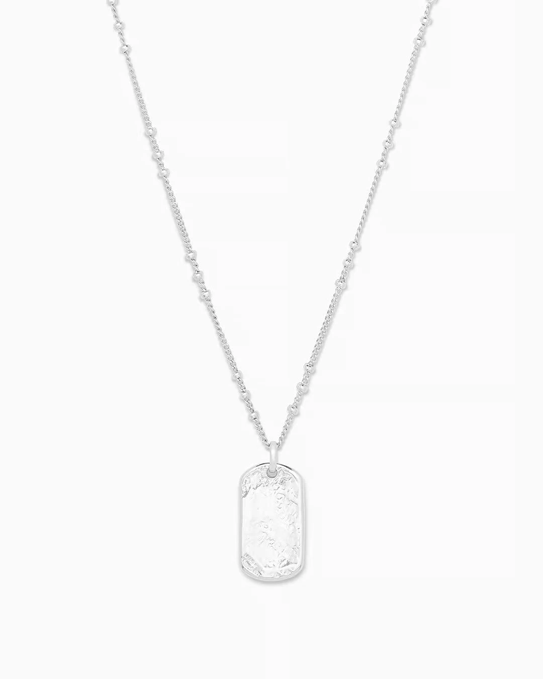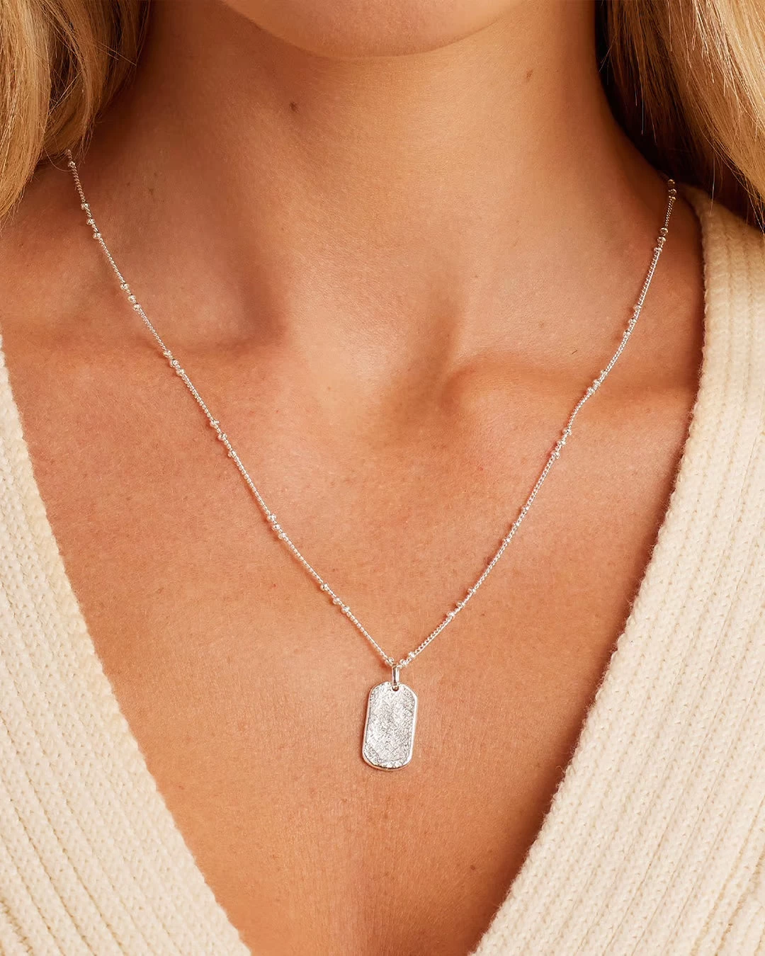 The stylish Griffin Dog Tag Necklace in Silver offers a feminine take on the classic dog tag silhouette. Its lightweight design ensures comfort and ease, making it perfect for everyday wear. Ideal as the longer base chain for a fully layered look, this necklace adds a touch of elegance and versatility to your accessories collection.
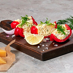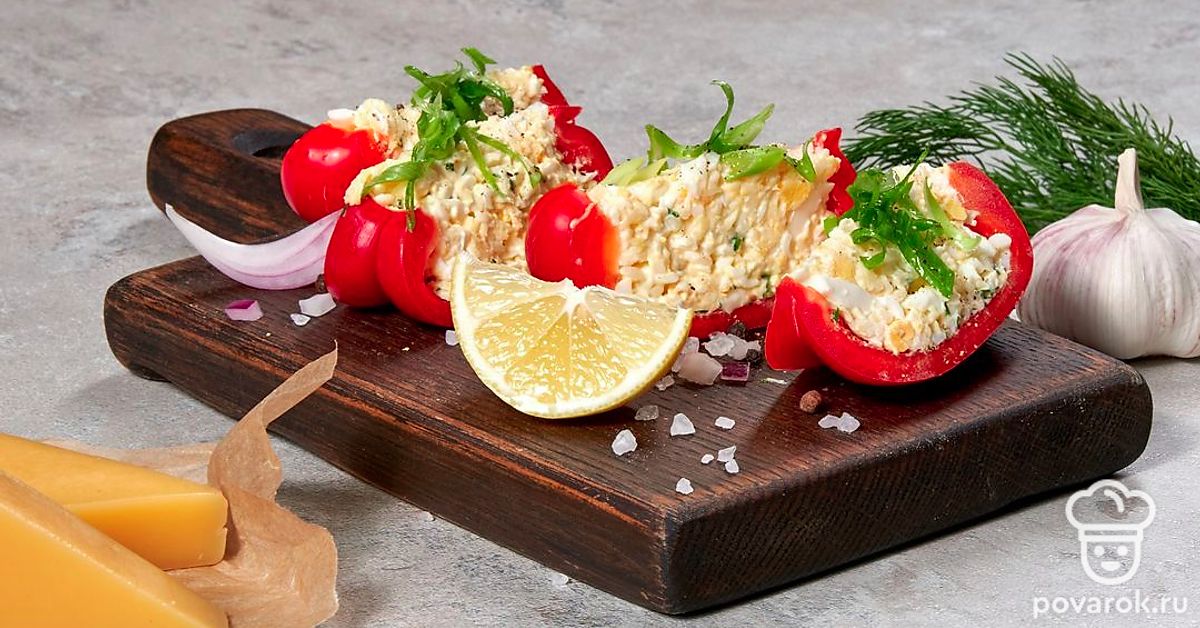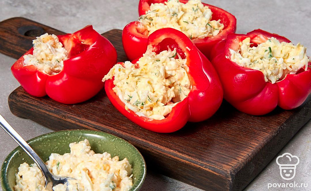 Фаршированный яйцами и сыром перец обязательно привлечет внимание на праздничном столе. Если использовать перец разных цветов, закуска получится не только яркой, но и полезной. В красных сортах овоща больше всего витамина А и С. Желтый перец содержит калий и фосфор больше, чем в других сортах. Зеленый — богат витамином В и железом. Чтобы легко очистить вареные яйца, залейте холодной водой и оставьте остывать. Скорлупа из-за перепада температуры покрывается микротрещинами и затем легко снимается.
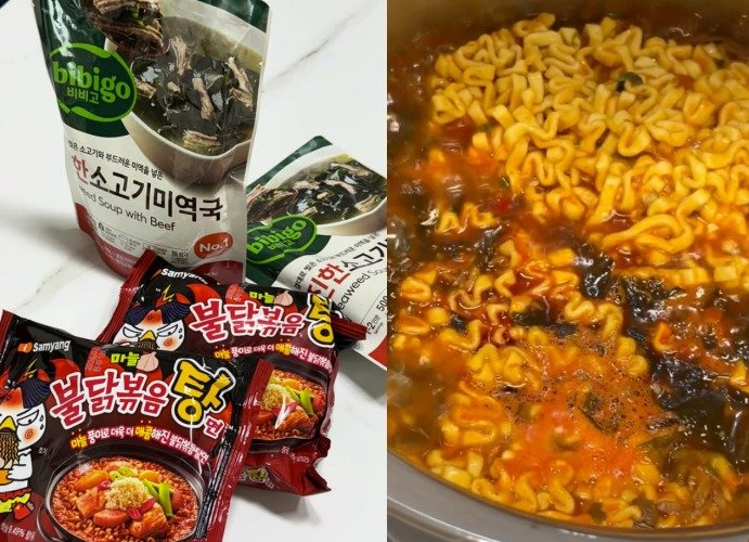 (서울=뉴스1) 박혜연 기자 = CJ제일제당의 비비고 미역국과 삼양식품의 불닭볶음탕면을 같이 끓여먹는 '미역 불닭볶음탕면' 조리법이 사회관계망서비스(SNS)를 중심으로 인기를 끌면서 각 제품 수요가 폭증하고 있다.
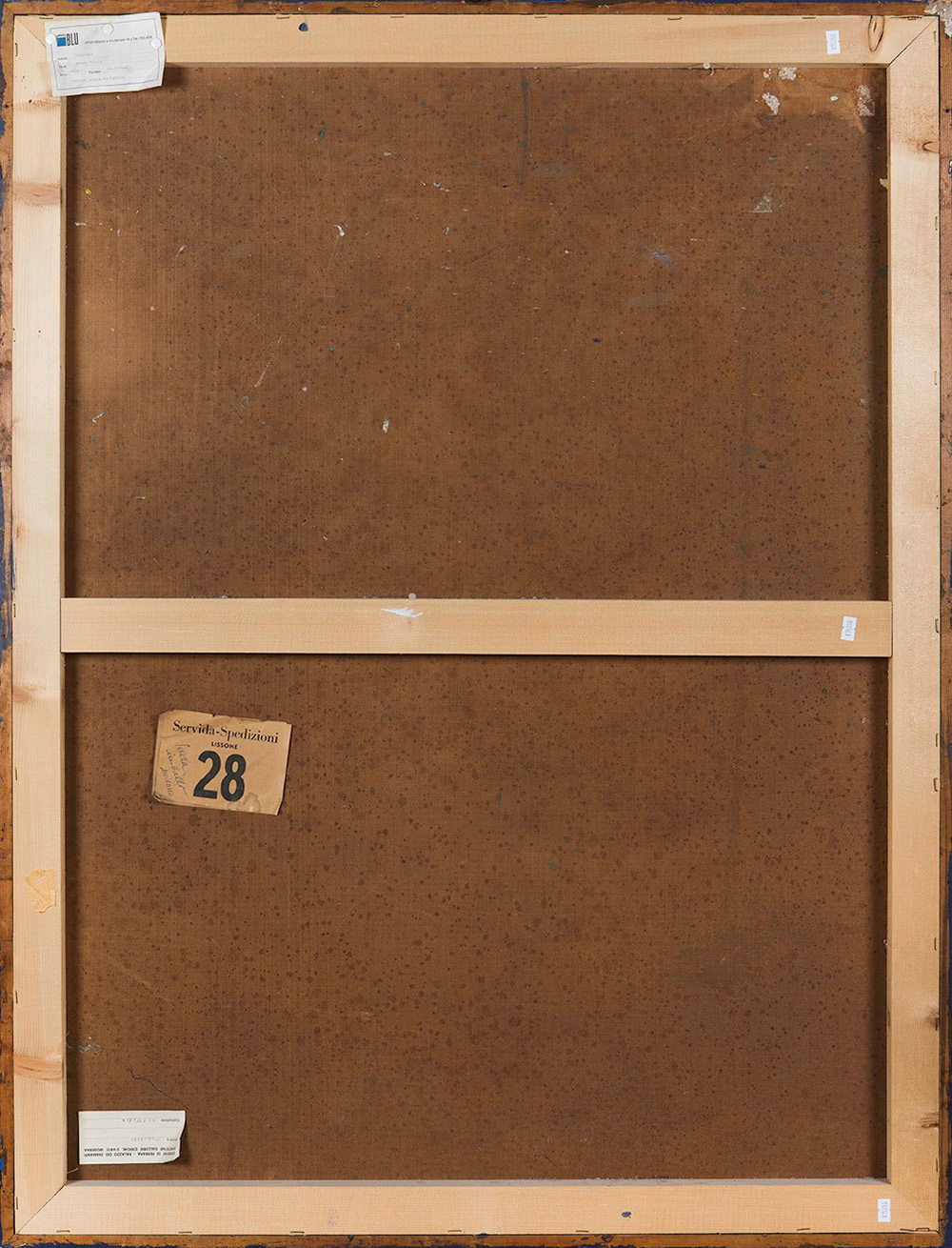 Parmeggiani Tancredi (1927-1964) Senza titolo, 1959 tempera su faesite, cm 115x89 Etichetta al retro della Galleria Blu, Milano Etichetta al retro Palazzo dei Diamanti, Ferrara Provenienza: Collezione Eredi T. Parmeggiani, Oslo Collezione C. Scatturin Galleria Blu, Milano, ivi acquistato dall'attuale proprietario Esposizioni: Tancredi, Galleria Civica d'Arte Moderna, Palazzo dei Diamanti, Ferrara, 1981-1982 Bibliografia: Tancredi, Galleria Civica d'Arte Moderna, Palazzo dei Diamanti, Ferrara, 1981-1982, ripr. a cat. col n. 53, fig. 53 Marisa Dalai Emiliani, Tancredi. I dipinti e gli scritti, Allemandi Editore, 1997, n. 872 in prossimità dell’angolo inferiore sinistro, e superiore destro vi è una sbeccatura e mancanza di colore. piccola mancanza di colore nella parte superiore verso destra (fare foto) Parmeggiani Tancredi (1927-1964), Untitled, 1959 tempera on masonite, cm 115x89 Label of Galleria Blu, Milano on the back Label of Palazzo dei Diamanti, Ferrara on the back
*-*-*
[Exercise]:
An exact reproduction of the material is needed, without its images.

[Reply]:
 The stylish Griffin Dog Tag Necklace in Silver offers a feminine take on the classic dog tag silhouette. Its lightweight design ensures comfort and ease, making it perfect for everyday wear. Ideal as the longer base chain for a fully layered look, this necklace adds a touch of elegance and versatility to your accessories collection.
 Фаршированный яйцами и сыром перец обязательно привлечет внимание на праздничном столе. Если использовать перец разных цветов, закуска получится не только яркой, но и полезной. В красных сортах овоща больше всего витамина А и С. Желтый перец содержит калий и фосфор больше, чем в других сортах. Зеленый — богат витамином В и железом. Чтобы легко очистить вареные яйца, залейте холодной водой и оставьте остывать. Скорлупа из-за перепада температуры покрывается микротрещинами и затем легко снимается.
 (서울=뉴스1) 박혜연 기자 = CJ제일제당의 비비고 미역국과 삼양식품의 불닭볶음탕면을 같이 끓여먹는 '미역 불닭볶음탕면' 조리법이 사회관계망서비스(SNS)를 중심으로 인기를 끌면서 각 제품 수요가 폭증하고 있다.
 Parmeggiani Tancredi (1927-1964) Senza titolo, 1959 tempera su faesite, cm 115x89 Etichetta al retro della Galleria Blu, Milano Etichetta al retro Palazzo dei Diamanti, Ferrara Provenienza: Collezione Eredi T. Parmeggiani, Oslo Collezione C. Scatturin Galleria Blu, Milano, ivi acquistato dall'attuale proprietario Esposizioni: Tancredi, Galleria Civica d'Arte Moderna, Palazzo dei Diamanti, Ferrara, 1981-1982 Bibliografia: Tancredi, Galleria Civica d'Arte Moderna, Palazzo dei Diamanti, Ferrara, 1981-1982, ripr. a cat. col n. 53, fig. 53 Marisa Dalai Emiliani, Tancredi. I dipinti e gli scritti, Allemandi Editore, 1997, n. 872 in prossimità dell’angolo inferiore sinistro, e superiore destro vi è una sbeccatura e mancanza di colore. piccola mancanza di colore nella parte superiore verso destra (fare foto) Parmeggiani Tancredi (1927-1964), Untitled, 1959 tempera on masonite, cm 115x89 Label of Galleria Blu, Milano on the back Label of Palazzo dei Diamanti, Ferrara on the back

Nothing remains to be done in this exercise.